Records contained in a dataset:
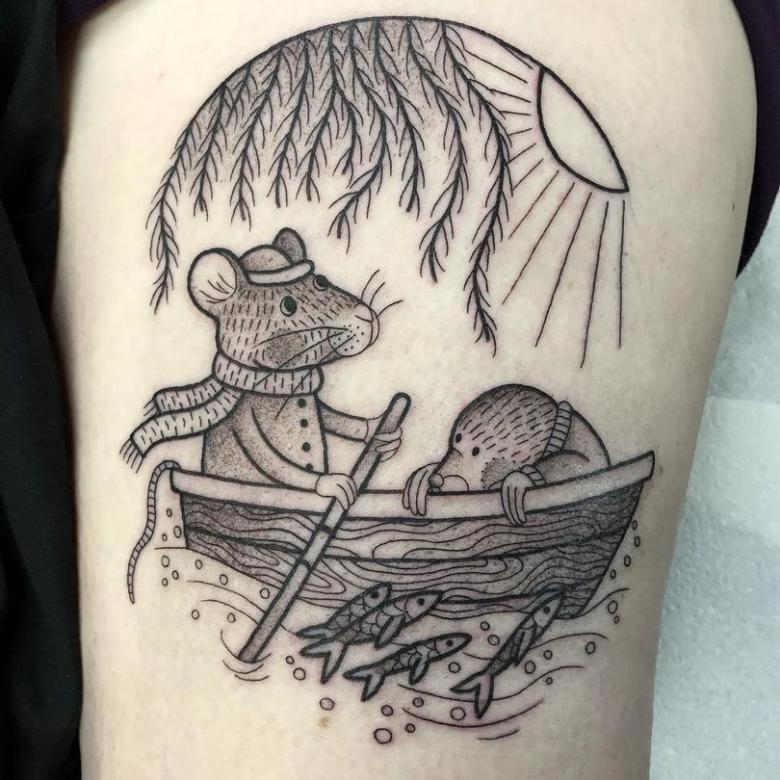 En général, ce tatouage n'est pas souhaitable si l'on compte parmi ses connaissances des personnes qui ont purgé une peine. Dans d'autres cas, l'image corporelle d'un animal n'est rien d'autre qu'une image originale. Les croquis sont souvent décorés sur le corps des personnes nées l'année du rat.
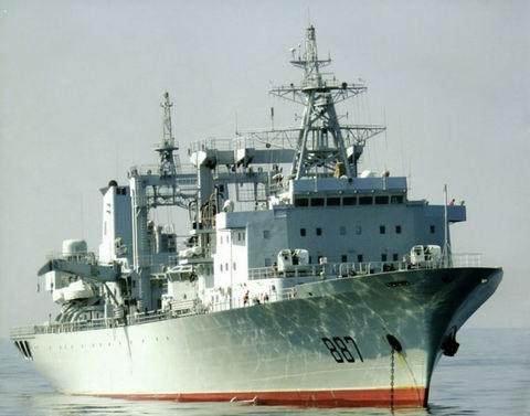 “微山湖”號綜合補(bǔ)給艦(舷號887)是中國自行設(shè)計建造的最大補(bǔ)給艦,排水量接近3萬噸,可同時為兩艘以上艦船補(bǔ)給,2007年曾與“廣州”艦一起出訪歐洲多個國家。
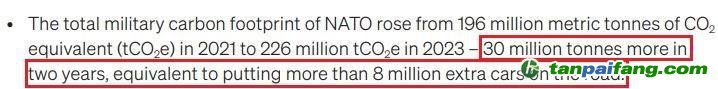 報(bào)告警告,北約的所作所為在助長(zhǎng)沖突的同時(shí)加速了氣候惡化,并引發(fā)新的軍備競(jìng)賽,從而又將進(jìn)一步增加碳排放,導(dǎo)致更多氣候行動(dòng)資金被挪用,并轉(zhuǎn)移世界對(duì)“氣候崩潰”這一人類(lèi)有史以來(lái)最大安全危機(jī)的注意力。 本%文$內(nèi)-容-來(lái)-自;中_國(guó)_碳|排 放_(tái)交-易^網(wǎng)^t an pa i fang . c om
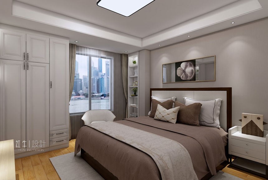 溫馨大方的空間設(shè)計,家里三代人居住,采用現(xiàn)代簡約風(fēng)格,衣帽間的設(shè)置增加了儲物空間。明暗對比,色彩碰撞。給人們安靜祥和的體驗,試想一天疲憊的下班,在客廳沙發(fā)上看著陽臺窗外的風(fēng)景,十分愜意。
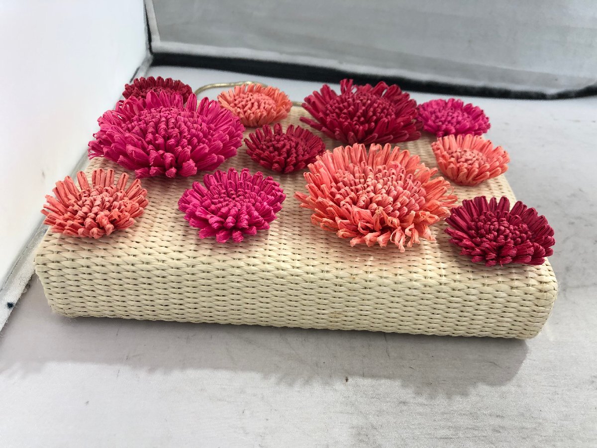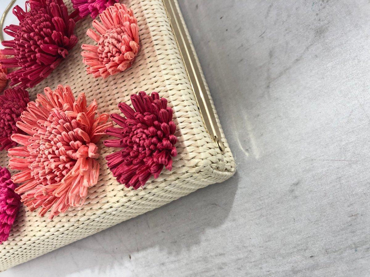 ・カラー:ラタン素材に 赤・ピンクの花柄モチーフ

— What to work on —
Every line above is to be given again exactly, apart from the pictures.

— Written reply —
 En général, ce tatouage n'est pas souhaitable si l'on compte parmi ses connaissances des personnes qui ont purgé une peine. Dans d'autres cas, l'image corporelle d'un animal n'est rien d'autre qu'une image originale. Les croquis sont souvent décorés sur le corps des personnes nées l'année du rat.
 “微山湖”號綜合補(bǔ)給艦(舷號887)是中國自行設(shè)計建造的最大補(bǔ)給艦,排水量接近3萬噸,可同時為兩艘以上艦船補(bǔ)給,2007年曾與“廣州”艦一起出訪歐洲多個國家。
 報(bào)告警告,北約的所作所為在助長(zhǎng)沖突的同時(shí)加速了氣候惡化,并引發(fā)新的軍備競(jìng)賽,從而又將進(jìn)一步增加碳排放,導(dǎo)致更多氣候行動(dòng)資金被挪用,并轉(zhuǎn)移世界對(duì)“氣候崩潰”這一人類(lèi)有史以來(lái)最大安全危機(jī)的注意力。 本%文$內(nèi)-容-來(lái)-自;中_國(guó)_碳|排 放_(tái)交-易^網(wǎng)^t an pa i fang . c om
 溫馨大方的空間設(shè)計,家里三代人居住,采用現(xiàn)代簡約風(fēng)格,衣帽間的設(shè)置增加了儲物空間。明暗對比,色彩碰撞。給人們安靜祥和的體驗,試想一天疲憊的下班,在客廳沙發(fā)上看著陽臺窗外的風(fēng)景,十分愜意。
 ・カラー:ラタン素材に 赤・ピンクの花柄モチーフ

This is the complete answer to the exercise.